Ideal gas volume and pressure
The equation, the main one in MKT (molecular kinetic theory), says that the product of pressure by volume is a constant if the amount of substance and the temperature of the gas do not change. From here we get a special case of the basic equation of state - the Boyle-Mariotte law: P 1 V 1 = P 2 V 2 , that is, for any isothermal process of an ideal gas, the pressure of the occupied volume is inversely proportional.
Gay Lussac Laws and Gas Temperature
The basic equation of MKT also allows us to establish the relationship between temperature and volume during the isobaric process, that is, which occurs with constant pressure. In this case, the expression V 1 / T 1 = V 2 / T 2 is obtained. This expression is called the first Gay-Lussac law.

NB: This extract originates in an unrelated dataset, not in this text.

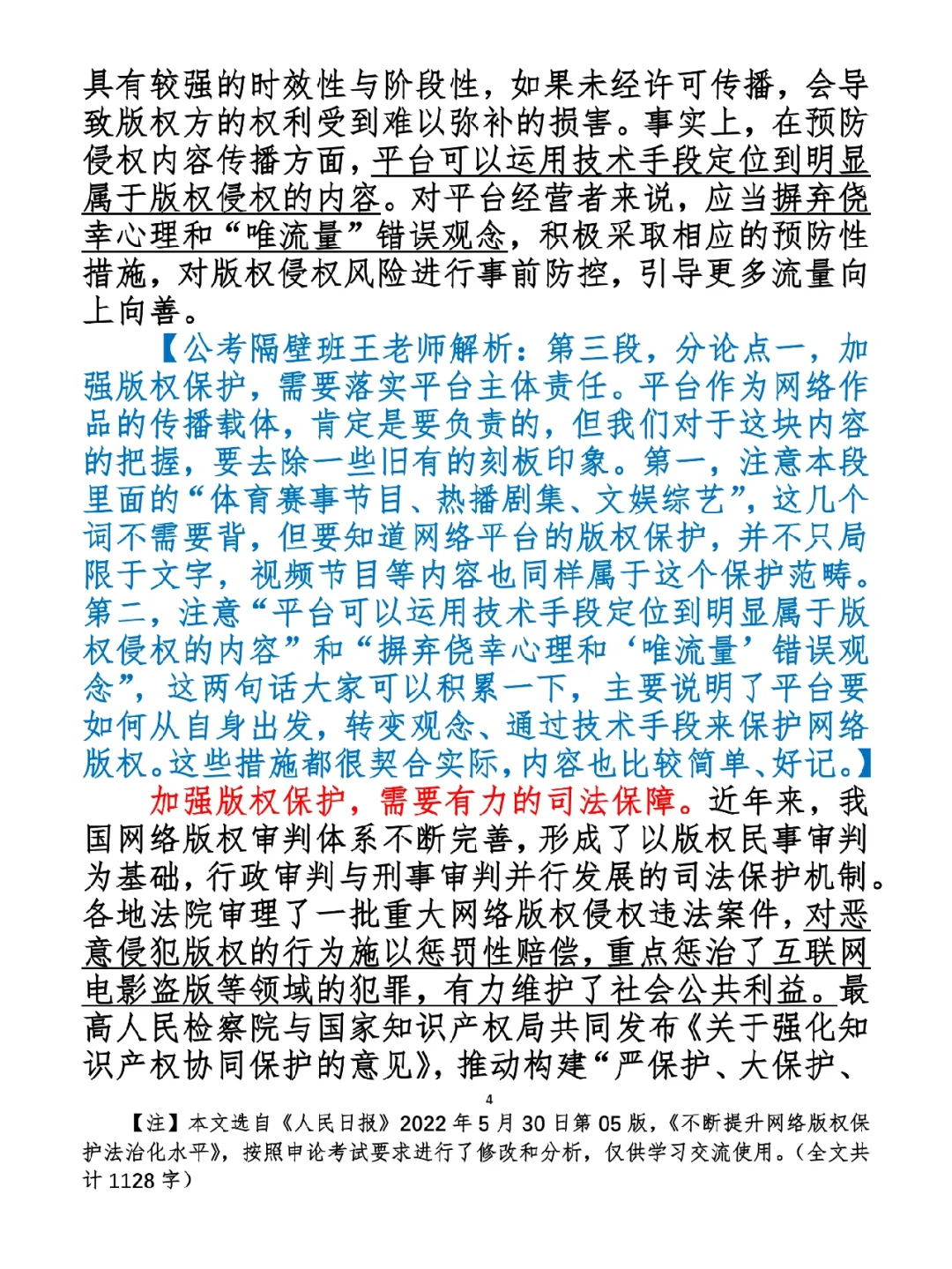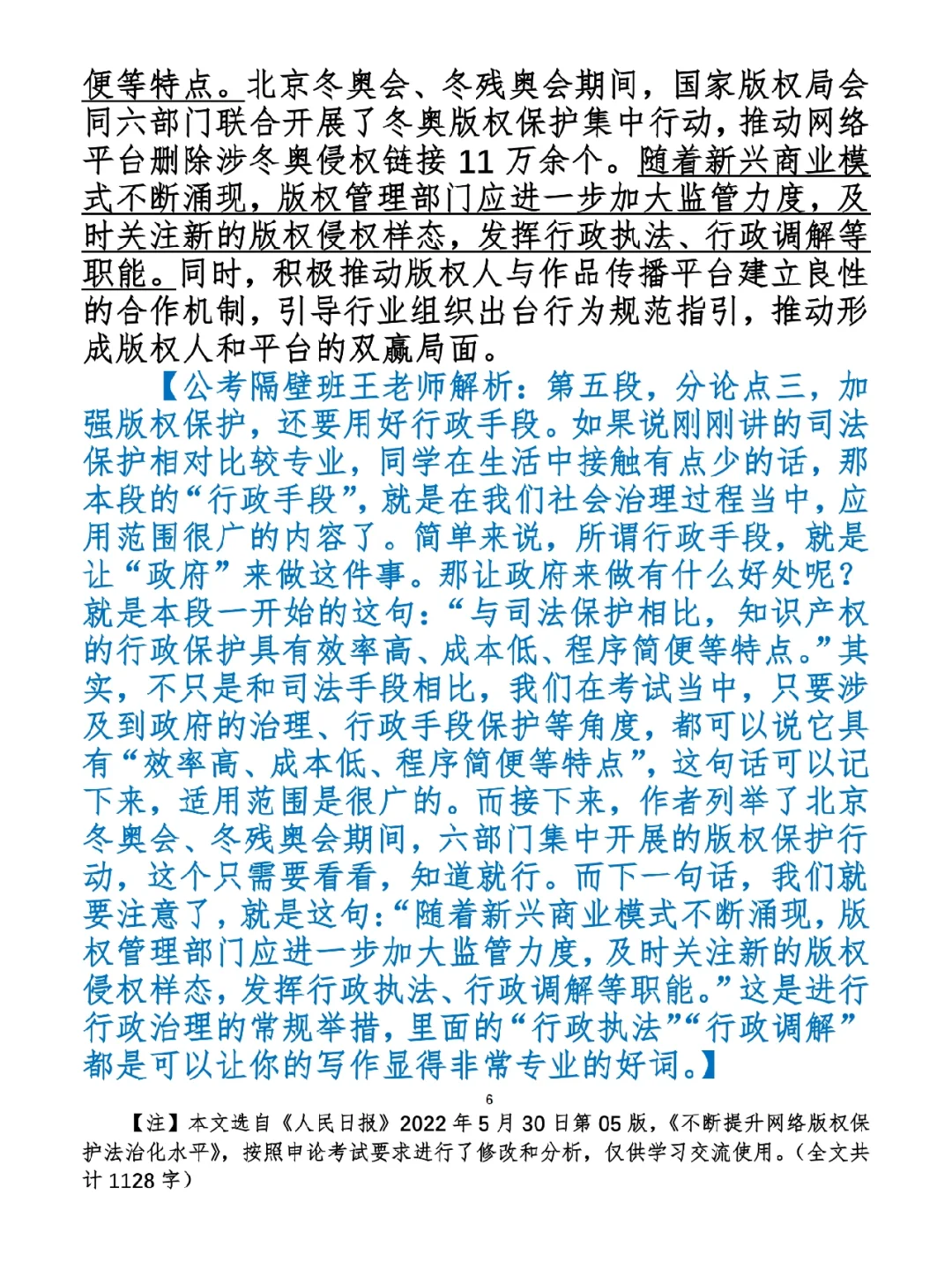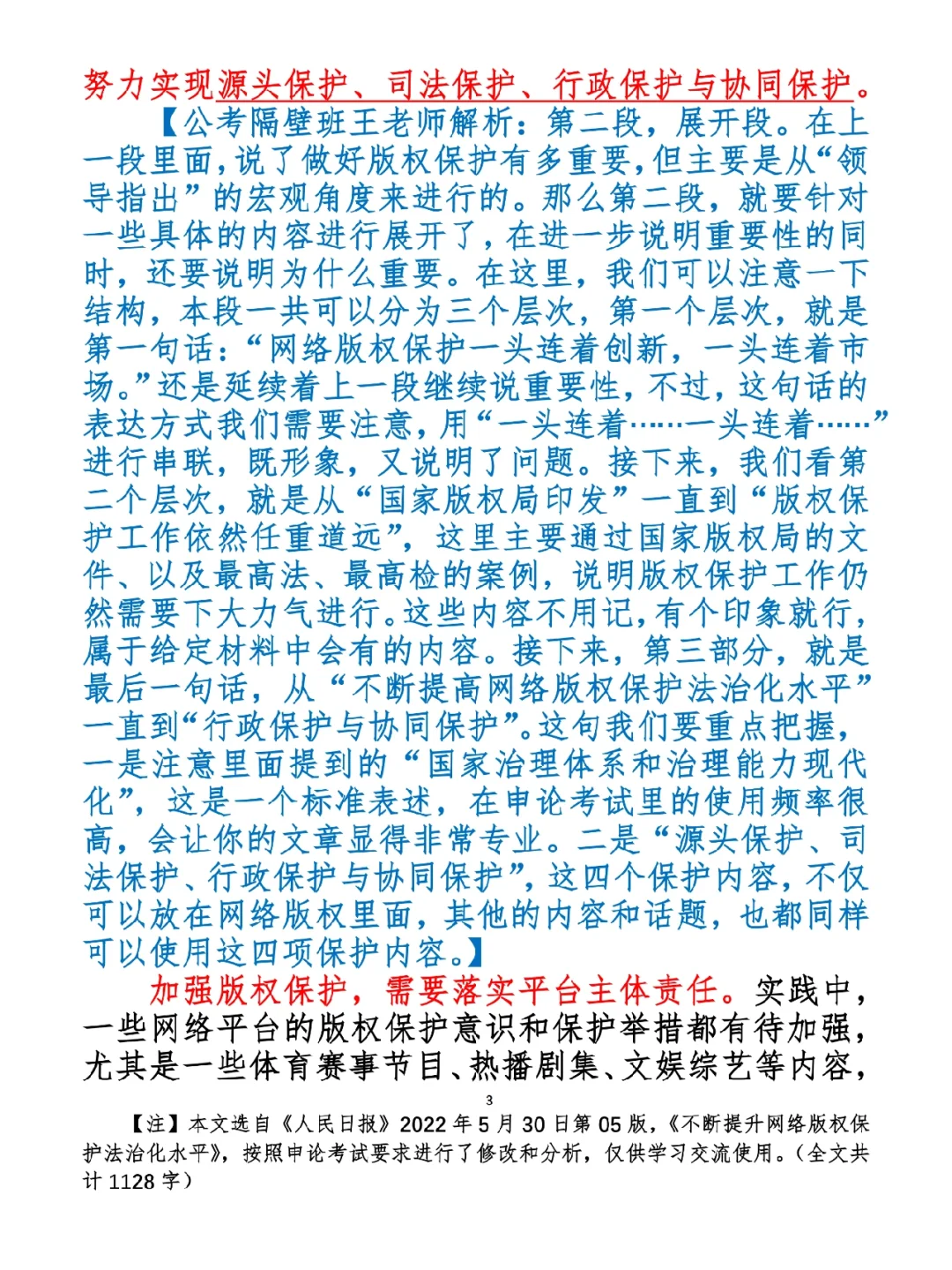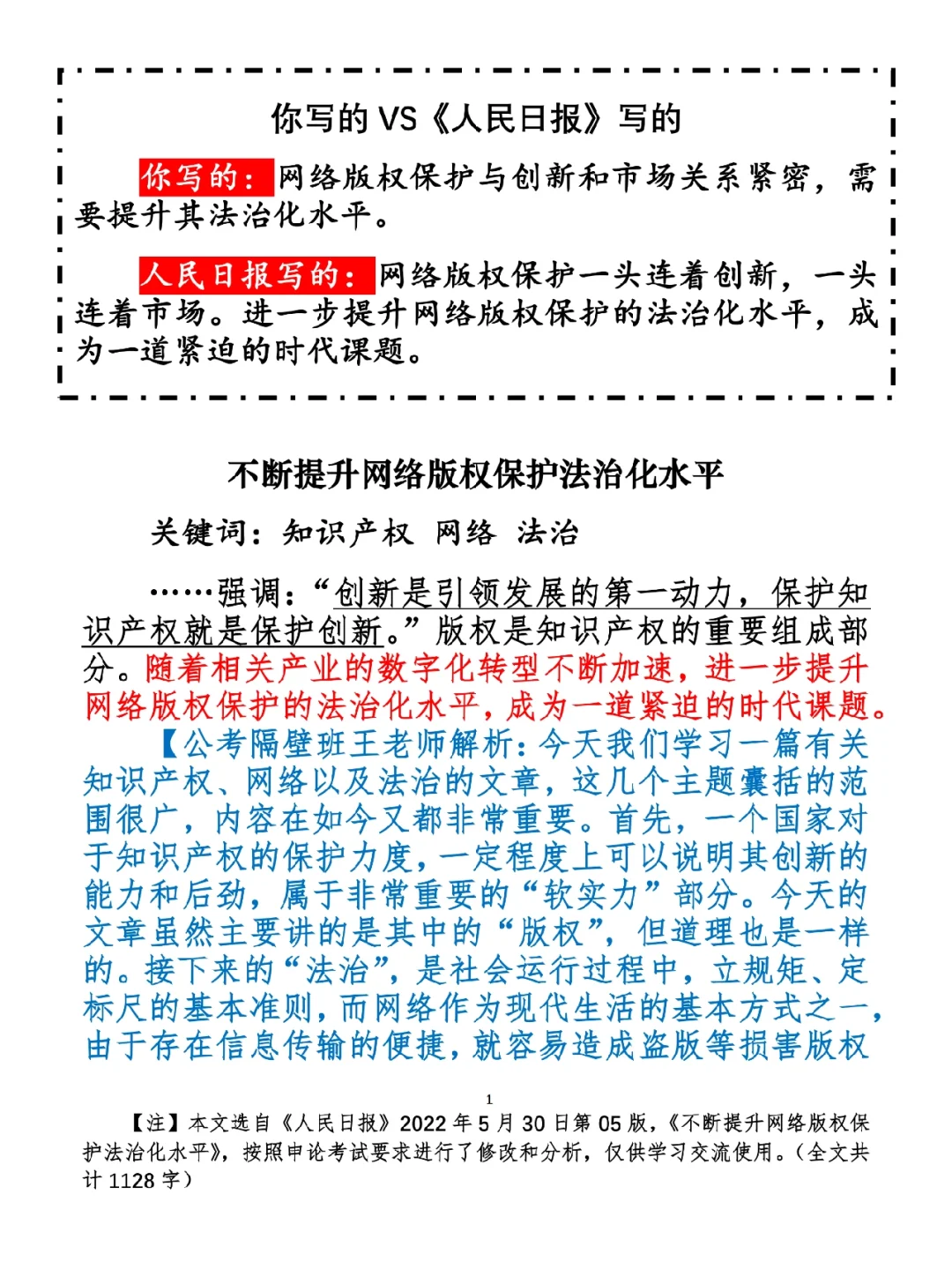 1.如何抄写:每天的抄写文章以图片形式发在“公考隔壁班王老师”账号,红色字是重点句和结构句,黑色字是正文,蓝色字是解析,大家抄写时不必抄蓝色字。建议先通读全文(包括蓝色解析部分),做到心中有数再开始抄写,效果会更好。 2.关于文章:抄写文章来源于人民日报,但每篇文章我都根据申论考试要求进行了修改,主要集中在四个方面:一是重写或修改开头、结尾;二是统一段首句句式结构;三是调整段落字数,使文章结构更均衡;四是简化复杂长难句,使之更具可模仿性。每篇文章修改幅度不同,无论修改多少,都是基于申论考试要求,毫无对人民日报文章品评之意。(此处致敬人民日报) 3.关于解析:我会在文章每段后面加一段蓝色字的解析,是我自己在抄写时的感悟,篇幅时间有限,不能面面俱到,但求重点突出。如果你有其他感悟,也希望能在评论里分享,我们相互学习、共同进步。 ⭐️ ⭐️ ⭐️ ⭐️ ⭐️ ⭐️ 这里是公考隔壁班王老师独创的“每天半小时・申论80分”抄写团,欢迎加入我们!

Now, if we assume that the volume remains constant for an ideal gas, from the main MKT equation we get P 1 / T 1 = P 2 / T 2 , such a process is called isochoric, and the expression is called the second Gay-Lussac law.
In both Gay-Lussac laws, the absolute temperature of the gas is in direct proportion to volume or pressure.
Real gases
The basic MKT equation of an ideal gas in physics gives good results for all real gases under normal conditions, that is, at temperatures close to room temperature and at pressures close to atmospheric. At higher values ββof these thermodynamic quantities, the behavior of gases begins to differ from ideal, since weak van der Waals interactions between gas molecules appear.
For the case of real gases, the interactions of molecules in which cannot be neglected, the equation of state was generalized. It has the form: (P + an 2 / V 2 ) (V-nb) = nRT, where a and b are the van der Waals constants for a particular gas.